The Business Herald understands Burns Philp aims to offer investors an 80 per cent stake in the business, worth A$1.3 billion to A$1.9 billion ($1.4 billion to $2.07 billion). The exact value of the offering is dependent on demand for shares. The Kiwi billionaire controls Burns Philp through his private company Rank, which owns a 54 per cent stake.

New Zealand investors, including retail investors, are expected to buy $200 million to $300 million of the shares with the rest going to investors in Australia, the United States, the United Kingdom and Asia.

The company will have a market value of about A$1.6 billion to A$2.3 billion. This will place it in the benchmark ASX-200 and the NZX-50 indicies and ensure reasonably strong demand from large institutions for the shares.

It will have a dual primary listing in New Zealand and Australia. Timing of the float, which will give priority to existing Burns Philp shareholders and holders of the company's converting preference shares, is unclear although Burns Philp has said it was aiming for the latter part of this year.

The company is to be created from the merger of the dairy and cured meat assets Rank bought from dairy giant Fonterra last month and Burns Philp's baking, spreads and oils business. In the year to last June, the business would have had sales on a pro forma basis of A$2.3 billion and trading profits of A$360 million to A$380 million. But bankers selling the shares are expected to make much of the growth in earnings.

The company is expected to have around A$1 billion of debt, giving it an enterprise value of around A$2.9 billion on a conservative estimate of its market value.

Since similar businesses trade on an earnings multiple of around seven to eight times prospective trading profits, the company should turn in around as much as A$414 million next year.

Much of the earnings growth is expected to come from the brands Hart acquired from Fonterra, including the dairy brands Meadow Fresh, Naturalea, Tararua and Chesdale and the Kiwi, Huttons and Top Hat cured meats brands.

These are expected to benefit from Hart's cost-cutting zeal. Many of the existing Goodman Fielder baking, oils and spreads brands - which include Molenberg, Quality Bakers, Vogels, Ernest Adams, Meadow Lea and Newman's Own - are mature slow-growth operations.

Many were also part of the Goodman Fielder business Burns Philp took over and delisted from the stock exchange in 2003. It is the prospects for these businesses that have muted enthusiasm for the company among Australian sharemarket observers.

The deal is a plum for investment banks, worth as much A$30 million in fees. Credit Suisse First Boston, which has a long relationship with Hart and Burns Philp, is expected to take the lead manager role.

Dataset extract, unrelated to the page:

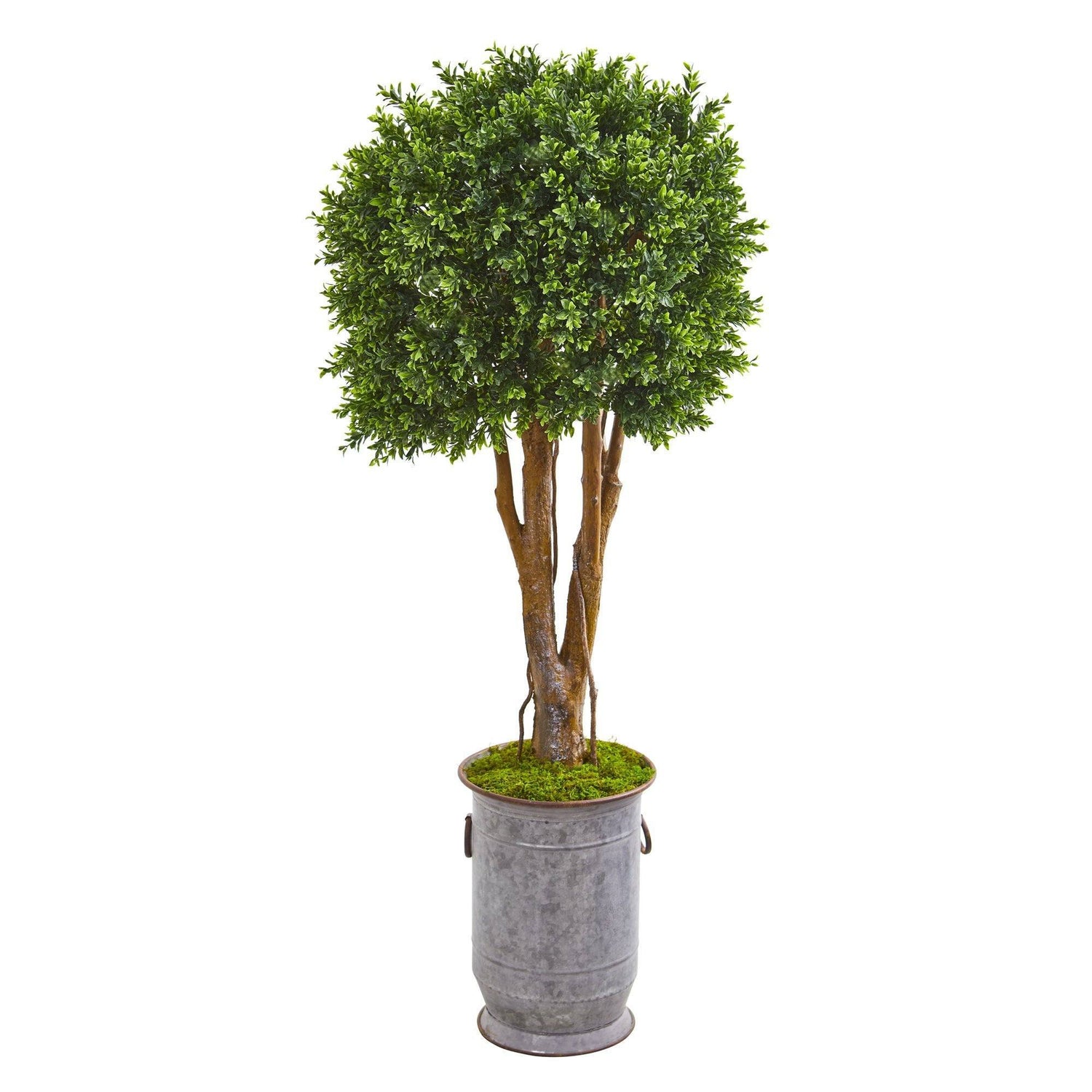 Add elements of farmhouse beauty with this artificial boxwood topiary tree boasting a dense canopy of realistic looking leaves stemming from a textured trunk. Standing 55” high from a planter nestled with natural moss, this little outdoor-safe tree would beautifully freshen up bare counters both inside and outside the home.

Its local affiliate, First New Zealand Capital, is sure to benefit. Other banks thought to be in the running to share the fees include Goldman Sachs JBWere, UBS and Macquarie Bank.

The structure
* Graeme Hart's Australasian food business Burns Philp will retain a 20 per cent stake in the Goodman Fielder business it plans to spin off on to the New Zealand and Australian Stock exchanges.
* The business will be sold to investors worldwide and is expected to have a market value of A$1.6 billion to A$2.3 billion.
* The company is to be created from the merger of the dairy and cured meat assets Hart's private company Rank bought from dairy giant Fonterra and Burns Philp's baking, spreads and oils business.